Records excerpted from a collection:
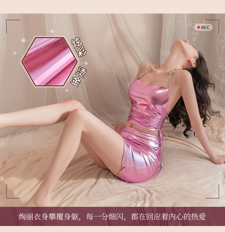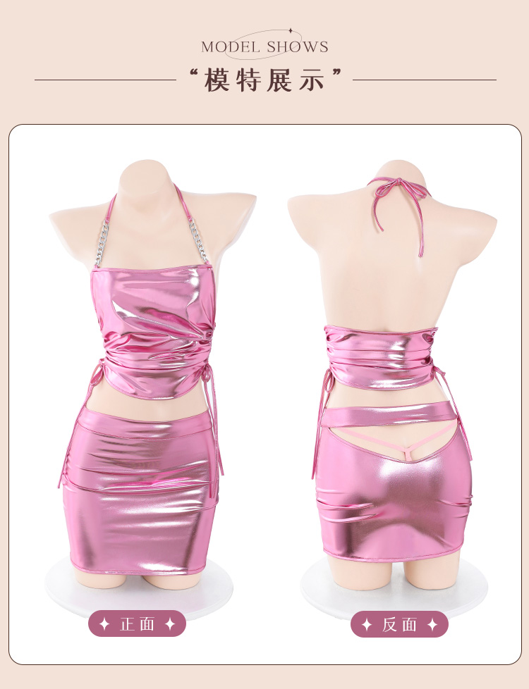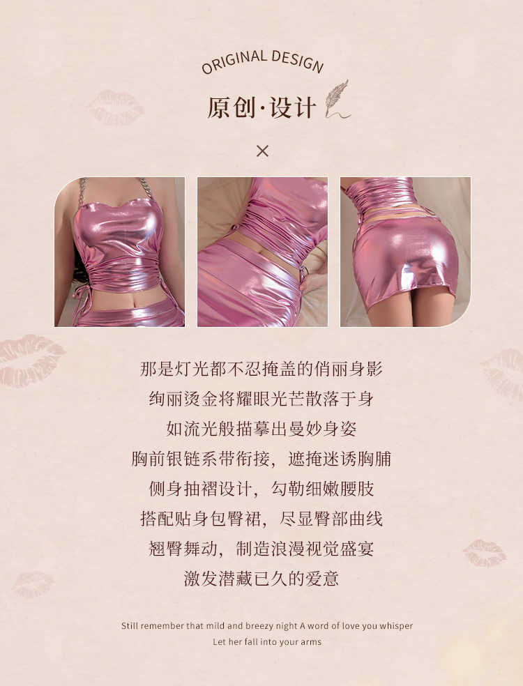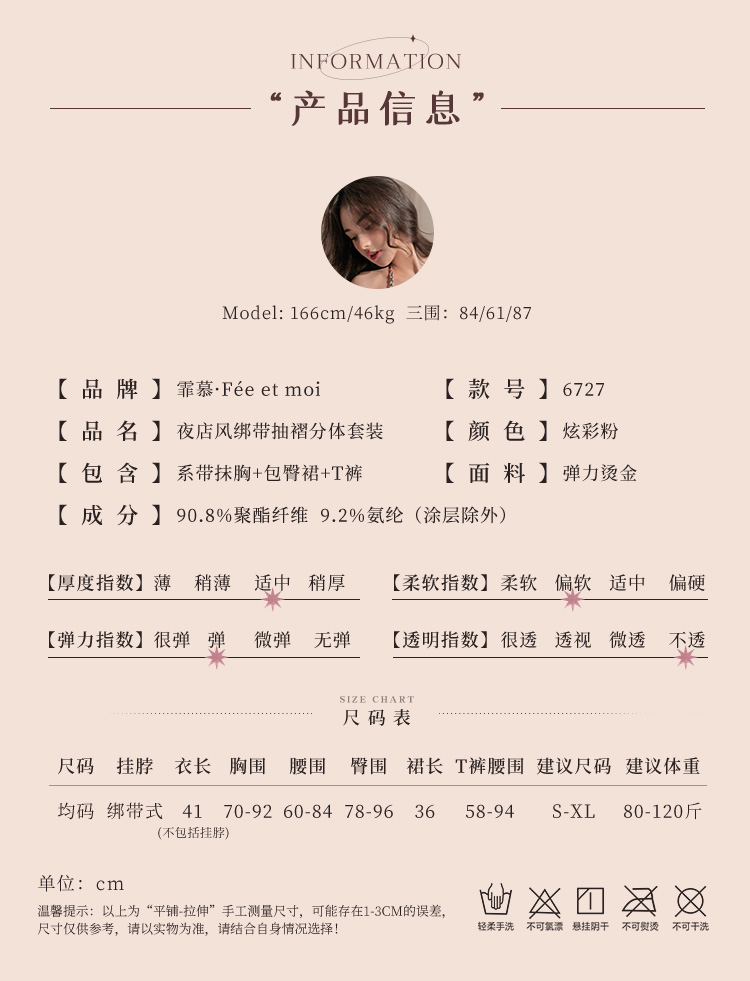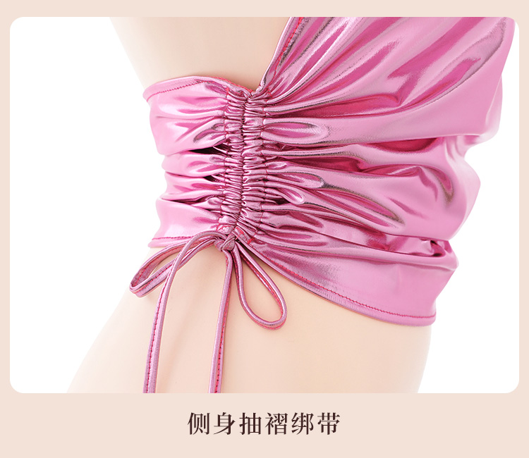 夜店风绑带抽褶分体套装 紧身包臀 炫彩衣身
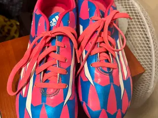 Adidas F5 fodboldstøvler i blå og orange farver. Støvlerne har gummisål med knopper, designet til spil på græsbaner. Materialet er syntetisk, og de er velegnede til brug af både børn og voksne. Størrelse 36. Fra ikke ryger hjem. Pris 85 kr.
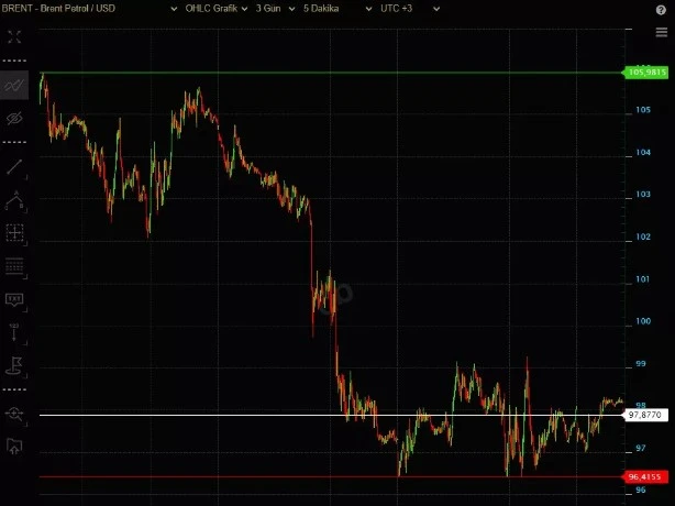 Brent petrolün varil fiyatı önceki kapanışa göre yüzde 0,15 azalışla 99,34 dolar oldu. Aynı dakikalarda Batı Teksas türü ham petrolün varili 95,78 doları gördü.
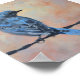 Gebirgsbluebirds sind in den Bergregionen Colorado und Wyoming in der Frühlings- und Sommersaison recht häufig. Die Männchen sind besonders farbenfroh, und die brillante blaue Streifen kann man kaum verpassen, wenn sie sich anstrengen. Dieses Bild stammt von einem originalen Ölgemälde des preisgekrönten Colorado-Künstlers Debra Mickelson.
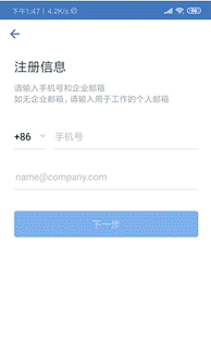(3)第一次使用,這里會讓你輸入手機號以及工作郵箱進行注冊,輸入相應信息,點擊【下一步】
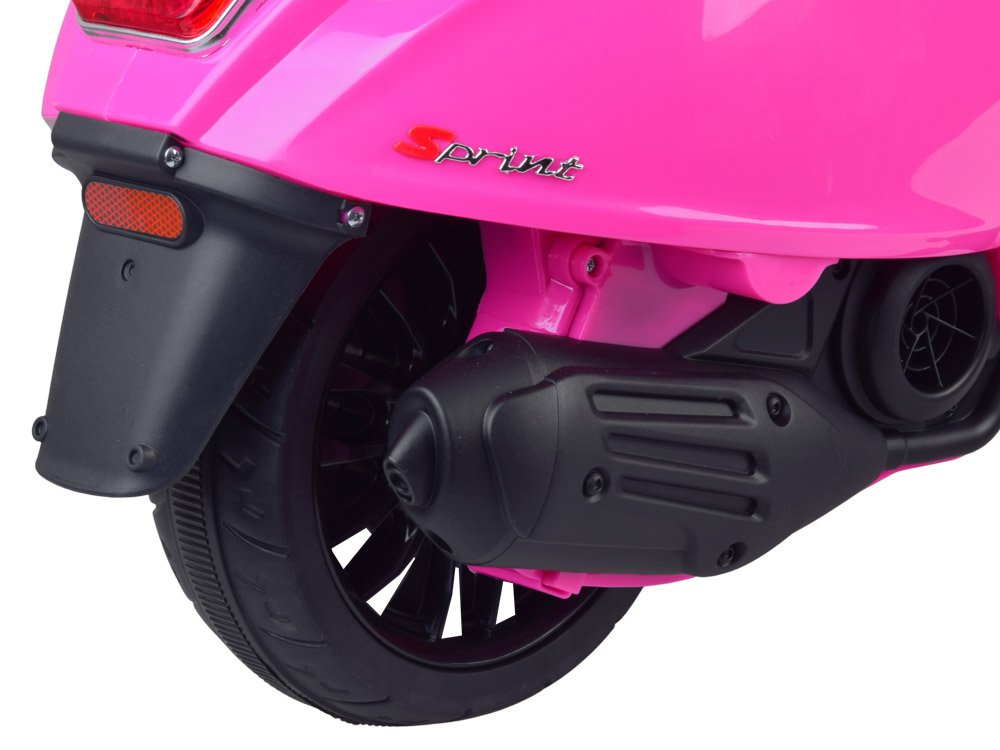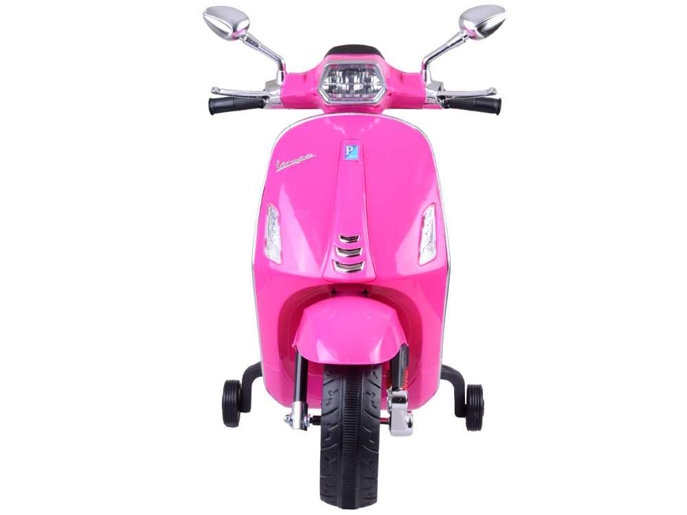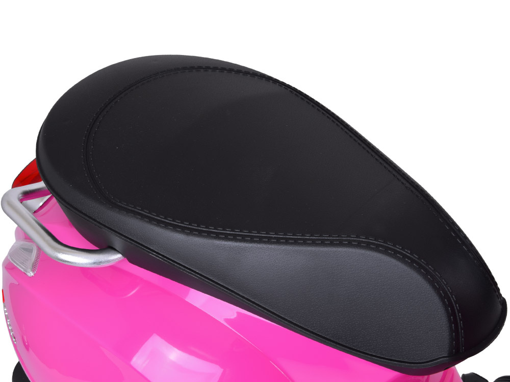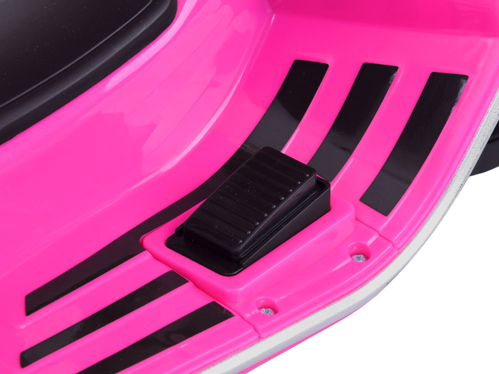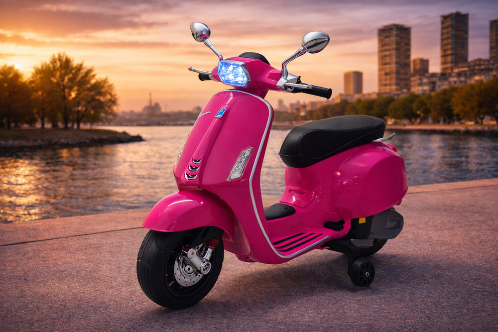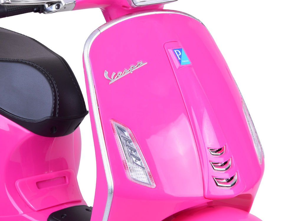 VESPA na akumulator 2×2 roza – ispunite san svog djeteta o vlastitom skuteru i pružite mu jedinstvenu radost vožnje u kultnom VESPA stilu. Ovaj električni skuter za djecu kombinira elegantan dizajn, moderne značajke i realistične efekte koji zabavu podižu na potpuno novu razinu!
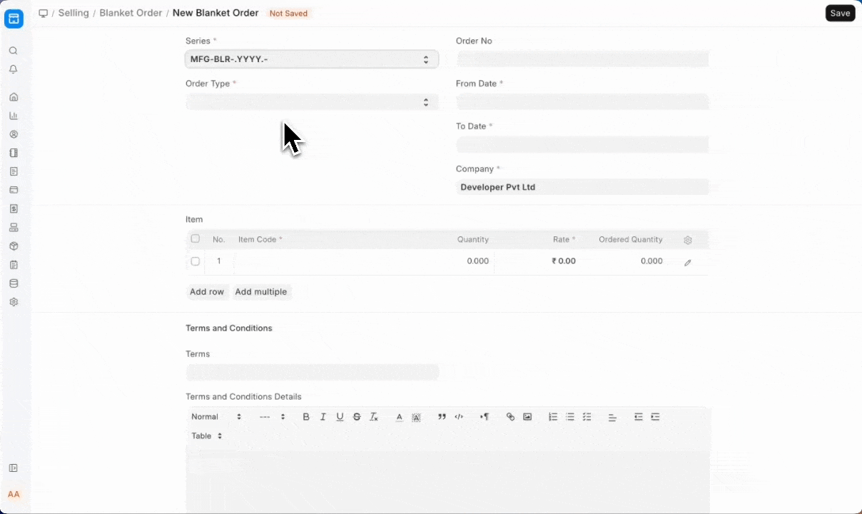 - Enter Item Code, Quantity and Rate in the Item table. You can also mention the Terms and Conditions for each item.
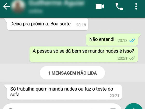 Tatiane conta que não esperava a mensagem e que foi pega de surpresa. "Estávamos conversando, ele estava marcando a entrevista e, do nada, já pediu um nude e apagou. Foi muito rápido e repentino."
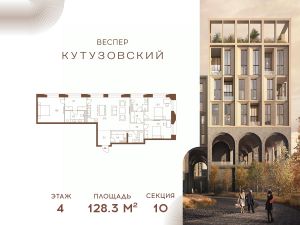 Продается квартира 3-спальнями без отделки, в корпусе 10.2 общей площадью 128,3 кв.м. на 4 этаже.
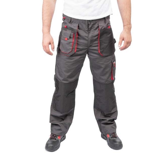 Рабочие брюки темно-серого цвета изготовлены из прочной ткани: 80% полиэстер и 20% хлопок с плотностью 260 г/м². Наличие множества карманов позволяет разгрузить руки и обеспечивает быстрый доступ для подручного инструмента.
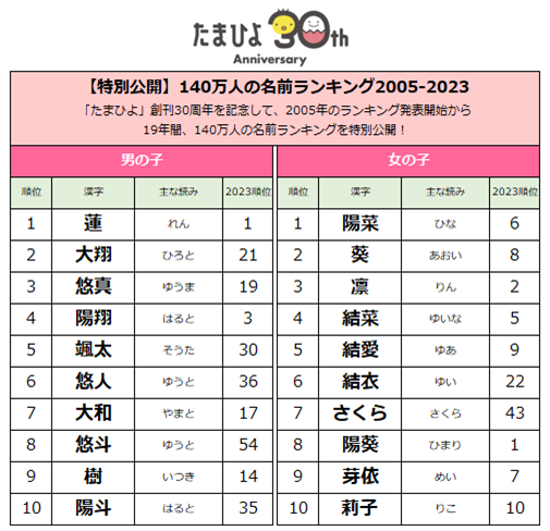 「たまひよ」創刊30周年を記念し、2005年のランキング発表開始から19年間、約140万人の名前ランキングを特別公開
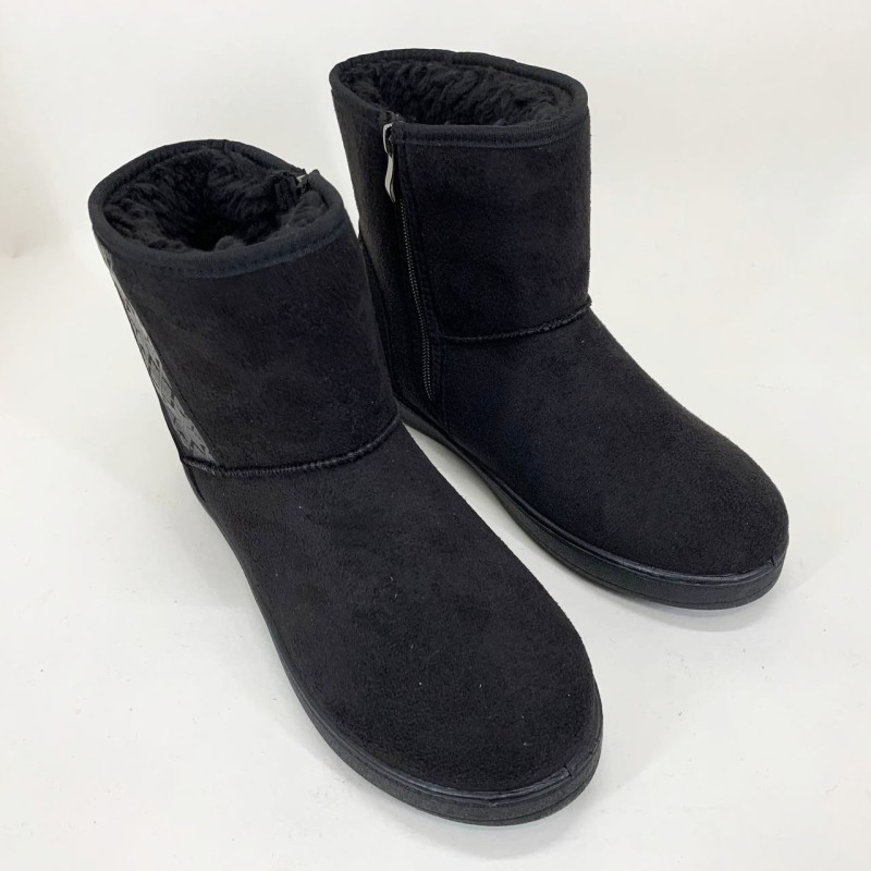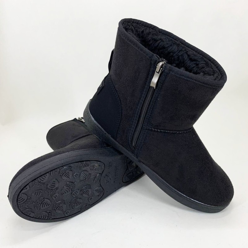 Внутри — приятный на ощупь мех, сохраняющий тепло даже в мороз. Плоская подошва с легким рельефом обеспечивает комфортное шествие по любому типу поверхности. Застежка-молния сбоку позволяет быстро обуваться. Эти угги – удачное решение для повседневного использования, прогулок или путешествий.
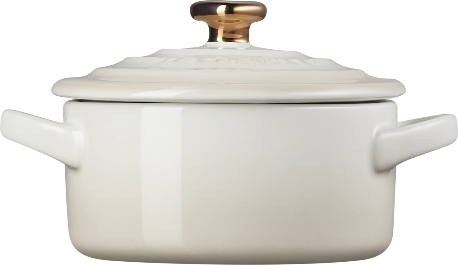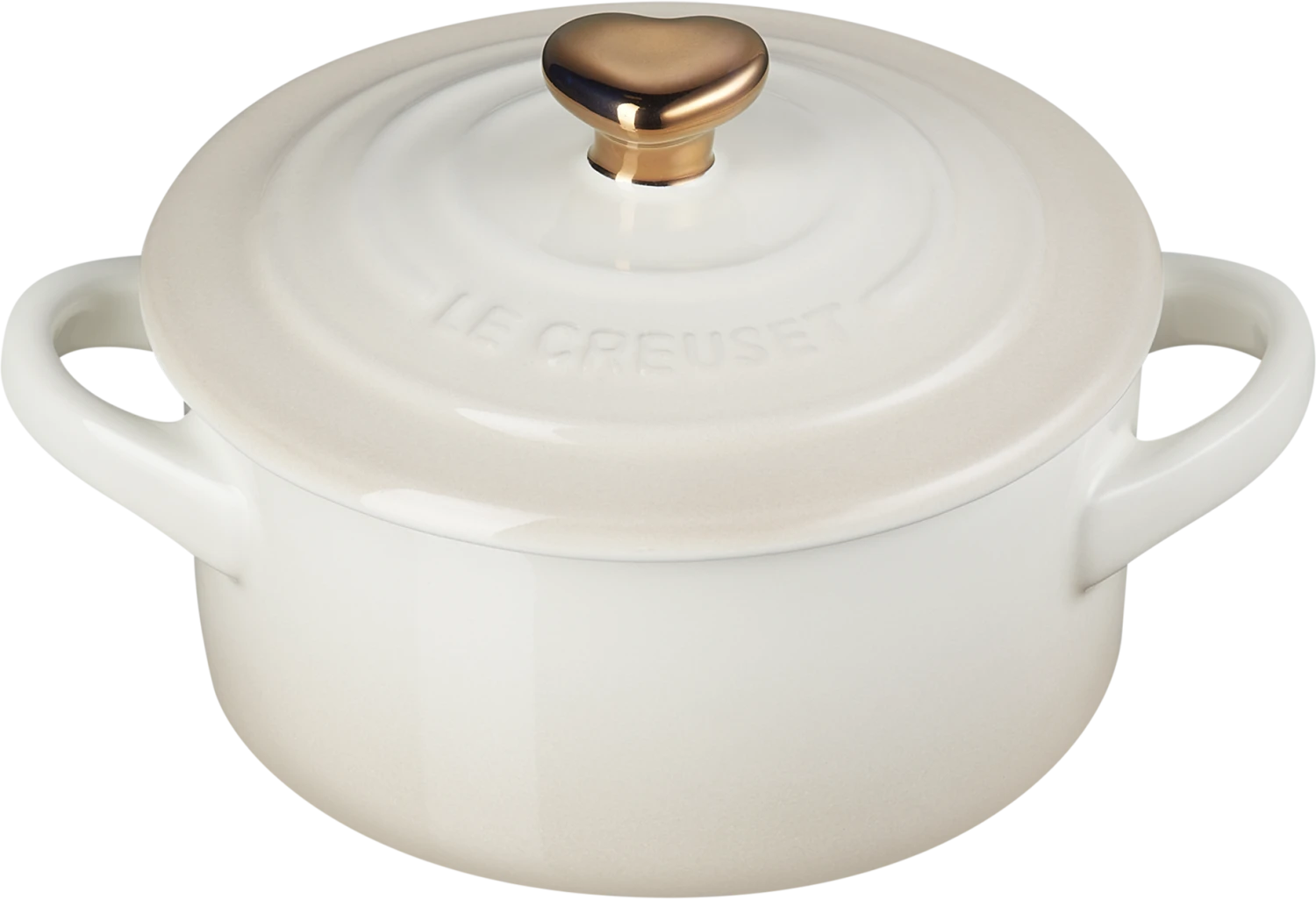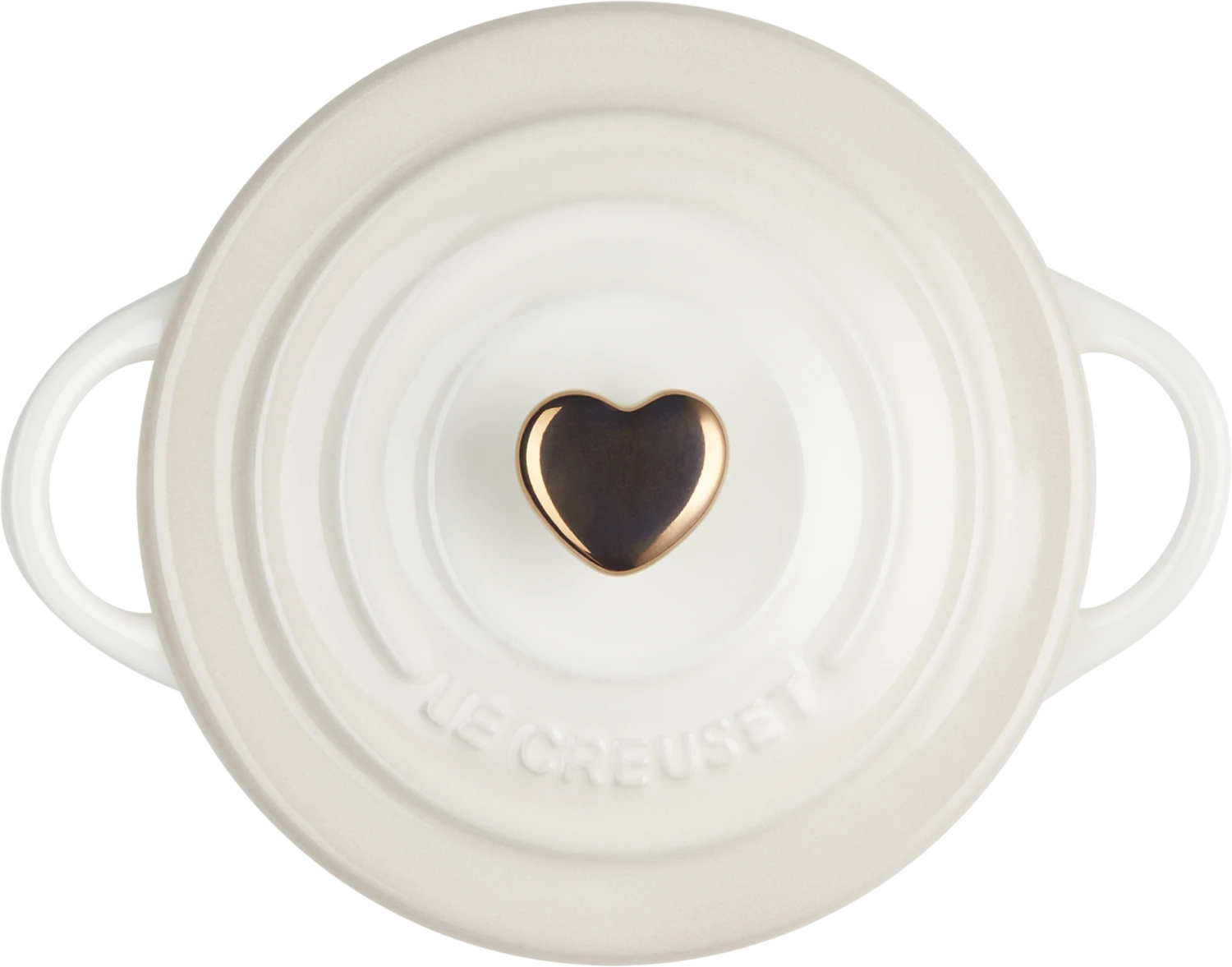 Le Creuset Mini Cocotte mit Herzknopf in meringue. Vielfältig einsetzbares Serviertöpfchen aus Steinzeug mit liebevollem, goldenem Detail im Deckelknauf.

TASK PROMPT:
Type the records out again in full, exactly, with each picture omitted.

TASK ANSWER:
 夜店风绑带抽褶分体套装 紧身包臀 炫彩衣身
 Adidas F5 fodboldstøvler i blå og orange farver. Støvlerne har gummisål med knopper, designet til spil på græsbaner. Materialet er syntetisk, og de er velegnede til brug af både børn og voksne. Størrelse 36. Fra ikke ryger hjem. Pris 85 kr.
 Brent petrolün varil fiyatı önceki kapanışa göre yüzde 0,15 azalışla 99,34 dolar oldu. Aynı dakikalarda Batı Teksas türü ham petrolün varili 95,78 doları gördü.
 Gebirgsbluebirds sind in den Bergregionen Colorado und Wyoming in der Frühlings- und Sommersaison recht häufig. Die Männchen sind besonders farbenfroh, und die brillante blaue Streifen kann man kaum verpassen, wenn sie sich anstrengen. Dieses Bild stammt von einem originalen Ölgemälde des preisgekrönten Colorado-Künstlers Debra Mickelson.
(3)第一次使用,這里會讓你輸入手機號以及工作郵箱進行注冊,輸入相應信息,點擊【下一步】
 VESPA na akumulator 2×2 roza – ispunite san svog djeteta o vlastitom skuteru i pružite mu jedinstvenu radost vožnje u kultnom VESPA stilu. Ovaj električni skuter za djecu kombinira elegantan dizajn, moderne značajke i realistične efekte koji zabavu podižu na potpuno novu razinu!
 - Enter Item Code, Quantity and Rate in the Item table. You can also mention the Terms and Conditions for each item.
 Tatiane conta que não esperava a mensagem e que foi pega de surpresa. "Estávamos conversando, ele estava marcando a entrevista e, do nada, já pediu um nude e apagou. Foi muito rápido e repentino."
 Продается квартира 3-спальнями без отделки, в корпусе 10.2 общей площадью 128,3 кв.м. на 4 этаже.
 Рабочие брюки темно-серого цвета изготовлены из прочной ткани: 80% полиэстер и 20% хлопок с плотностью 260 г/м². Наличие множества карманов позволяет разгрузить руки и обеспечивает быстрый доступ для подручного инструмента.
 「たまひよ」創刊30周年を記念し、2005年のランキング発表開始から19年間、約140万人の名前ランキングを特別公開
 Внутри — приятный на ощупь мех, сохраняющий тепло даже в мороз. Плоская подошва с легким рельефом обеспечивает комфортное шествие по любому типу поверхности. Застежка-молния сбоку позволяет быстро обуваться. Эти угги – удачное решение для повседневного использования, прогулок или путешествий.
 Le Creuset Mini Cocotte mit Herzknopf in meringue. Vielfältig einsetzbares Serviertöpfchen aus Steinzeug mit liebevollem, goldenem Detail im Deckelknauf.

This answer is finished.